The success of the Glomar Challenger was almost immediate. On one of the sites with a water depth of 1,067 m (3,500 ft), core samples revealed the existence of salt domes. Oil companies received samples after an agreement to publish their analysis. The potential of oil beneath deep ocean salt domes remains an important avenue for commercial development today.[4][1]

As for the purpose of the scientific exploration, one of the most important discoveries was made when the crew drilled 17 holes at 10 different locations along an oceanic ridge between South America and Africa. The retrieved core samples provided strong proof for continental drift and seafloor renewal at rift zones.[5] This confirmation of Alfred Wegener's theory of continental drift strengthened the proposal of a single, ancient land mass, which is called Pangaea. The samples gave further evidence to support the plate tectonics theory, which at the time attempted to explain the formation of mountain ranges, earthquakes, and oceanic trenches.[6] Another discovery was how youthful the ocean floor is in comparison to Earth's geologic history. After analysis of samples, scientists concluded that the ocean floor is probably no older than 200 million years.[7][1] This is in comparison with the 4.5 billion-year age of the Earth.

The International Phase of Ocean Drilling (IPOD) began in 1975 with the Federal Republic of Germany, Japan, the United Kingdom, the Soviet Union, and France joining the United States in field work aboard the Glomar Challenger and in post-cruise scientific research.[8] The Glomar Challenger docked for the last time with DSDP in November 1983.[9] Parts of the ship, such as its dynamic positioning system, engine telegraph, and thruster console, are stored at the Smithsonian Institution in Washington, D.C. With the advent of larger and more advanced drilling ships, the JOIDES Resolution replaced the Glomar Challenger in January 1985. The new program, called the Ocean Drilling Program (ODP), continued exploration from 1985 to 2003, at which point it was replaced by the Integrated Ocean Drilling Program (IODP).[1]

Coring operations

Although itself a remarkable engineering accomplishment, the Glomar Challenger saw many advances in deep-ocean drilling. One problem solved involved the replacement of worn drill bits.[2] A length of pipe suspended from the ship down to the bottom of the sea might have been as long as 20,483 ft (6,243 m). The maximum depth penetrated through the ocean bottom could have been as great as 4,262 ft (1299 m). To replace the bit, the drill string must be raised, a new bit attached, and the string remade down to the bottom. However, the crew had to thread this string back into the same drill hole. The technique for this formidable task was accomplished on June 14, 1970, in the Atlantic Ocean in 10,000 ft (3048 m) of water off the coast of New York. This re-entry was accomplished with the use of sonar scanning equipment and a re-entry cone that had a diameter of 16 ft (4.88 m) and height of 14 ft (4.27 m).[2]

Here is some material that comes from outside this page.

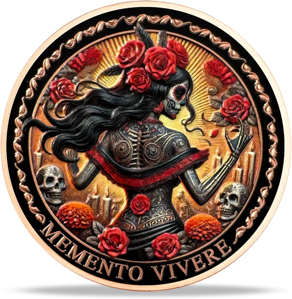 Inspirational Reverse Motif: The reverse side of the Memento Vivere coin captures the essence of "Memento Vivere" (Remember to Live) with a skeleton riding a carousel, surrounded by red roses and skulls.It encourages joy and the celebration of every moment

One major technological advance was the extended use of the holes after drilling.[10] Geophysical and geochemical measurements were made during and after drilling, and occasionally long-term seismic monitoring devices were installed in the holes. This extended understanding of the dynamic processes involved in plate tectonics. Another technological advance involved the introduction of the hydraulic piston corer (HPC[11]) in 1979, which permitted the recovery of virtually undisturbed cores of sediment.[12] This greatly enhanced the ability of scientists to study ancient ocean environments.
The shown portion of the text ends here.